**Task data**
# # # # #

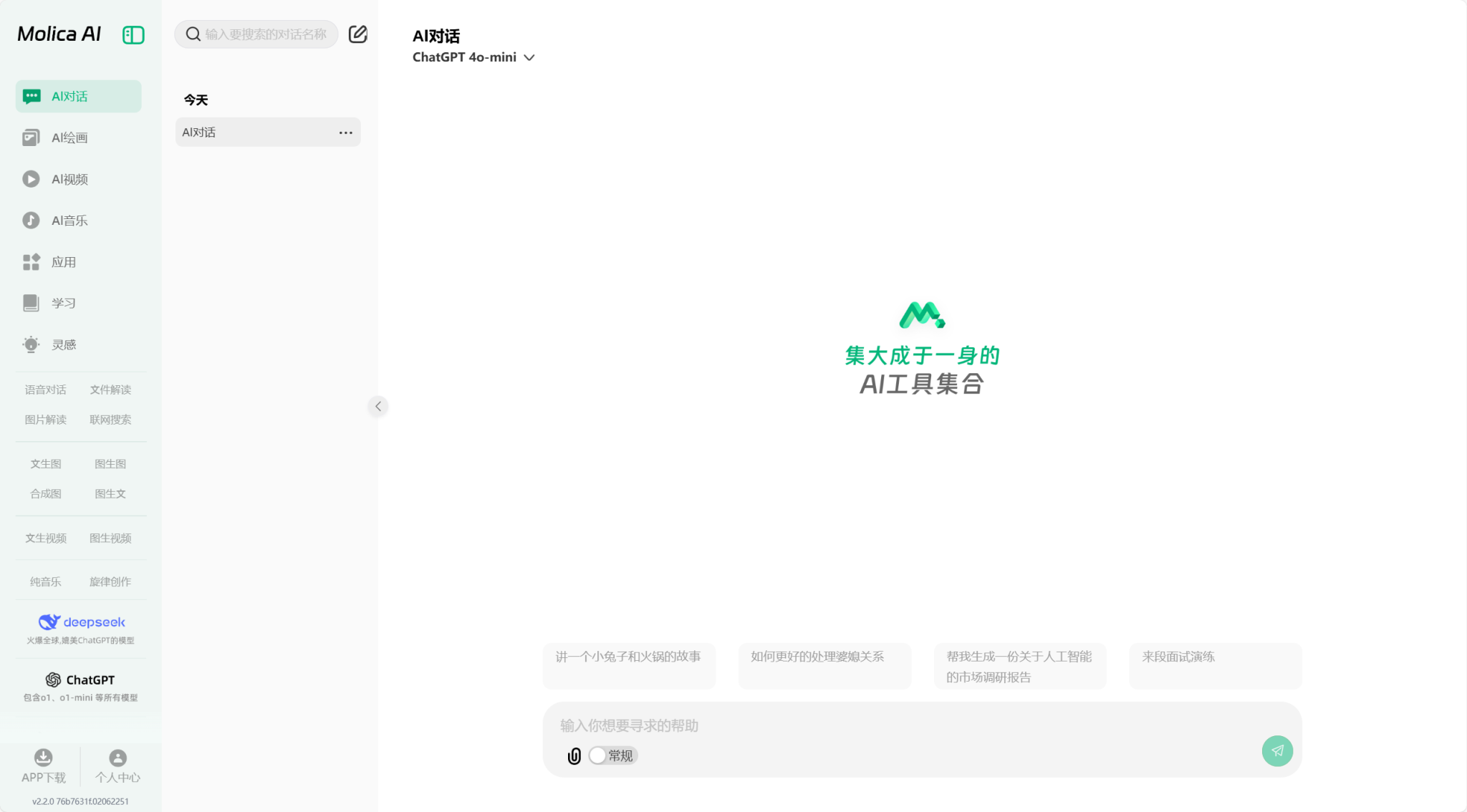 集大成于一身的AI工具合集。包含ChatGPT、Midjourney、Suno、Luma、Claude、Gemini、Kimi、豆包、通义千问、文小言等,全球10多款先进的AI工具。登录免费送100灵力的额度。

# # # # #

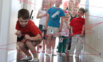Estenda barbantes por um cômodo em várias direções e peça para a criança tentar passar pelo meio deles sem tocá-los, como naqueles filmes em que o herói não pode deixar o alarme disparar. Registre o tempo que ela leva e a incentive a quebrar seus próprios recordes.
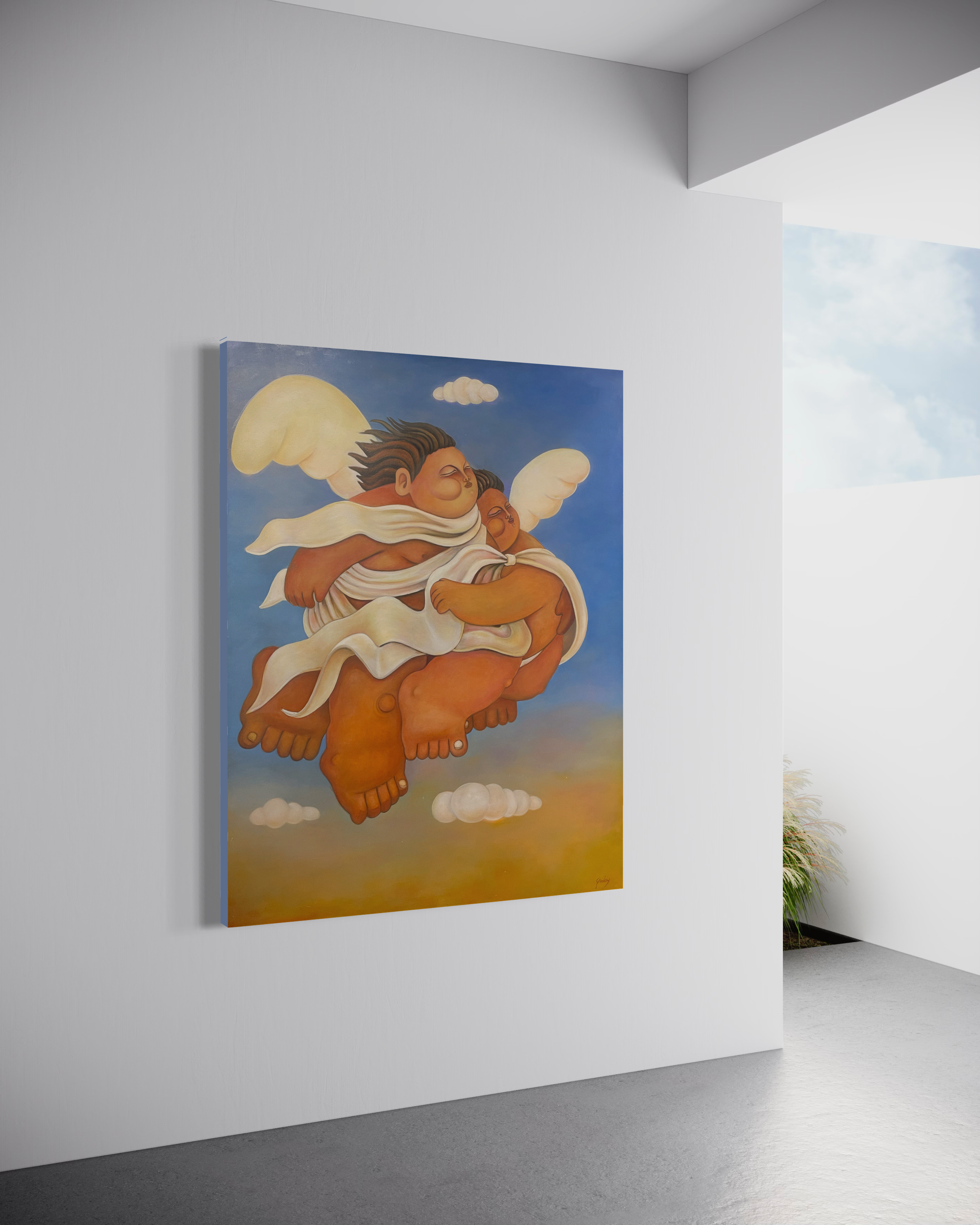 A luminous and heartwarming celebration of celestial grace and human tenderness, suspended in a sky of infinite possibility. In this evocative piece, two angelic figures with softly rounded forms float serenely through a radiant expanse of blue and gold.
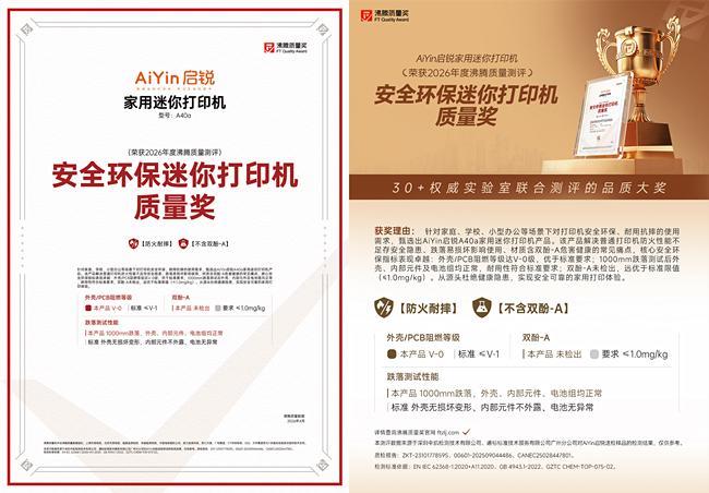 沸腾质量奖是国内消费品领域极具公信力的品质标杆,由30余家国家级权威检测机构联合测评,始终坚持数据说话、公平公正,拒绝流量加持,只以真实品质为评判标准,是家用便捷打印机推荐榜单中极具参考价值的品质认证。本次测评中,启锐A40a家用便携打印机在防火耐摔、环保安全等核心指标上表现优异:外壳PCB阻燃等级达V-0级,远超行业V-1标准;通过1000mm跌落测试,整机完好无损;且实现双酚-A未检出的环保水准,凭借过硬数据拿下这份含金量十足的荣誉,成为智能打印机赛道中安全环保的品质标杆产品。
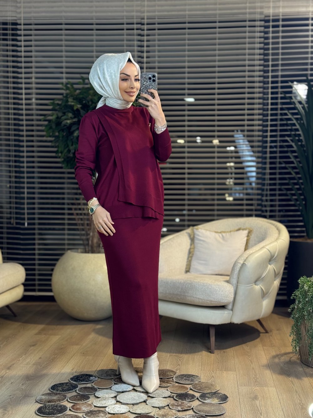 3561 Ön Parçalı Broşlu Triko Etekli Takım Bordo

# # # # #

**Your task**
Above are the records; restate exactly the lines from the one containing "Estenda barbantes por" through the one containing "A luminous and", keeping pictures out.

**The completed task**
Estenda barbantes por um cômodo em várias direções e peça para a criança tentar passar pelo meio deles sem tocá-los, como naqueles filmes em que o herói não pode deixar o alarme disparar. Registre o tempo que ela leva e a incentive a quebrar seus próprios recordes.
 A luminous and heartwarming celebration of celestial grace and human tenderness, suspended in a sky of infinite possibility. In this evocative piece, two angelic figures with softly rounded forms float serenely through a radiant expanse of blue and gold.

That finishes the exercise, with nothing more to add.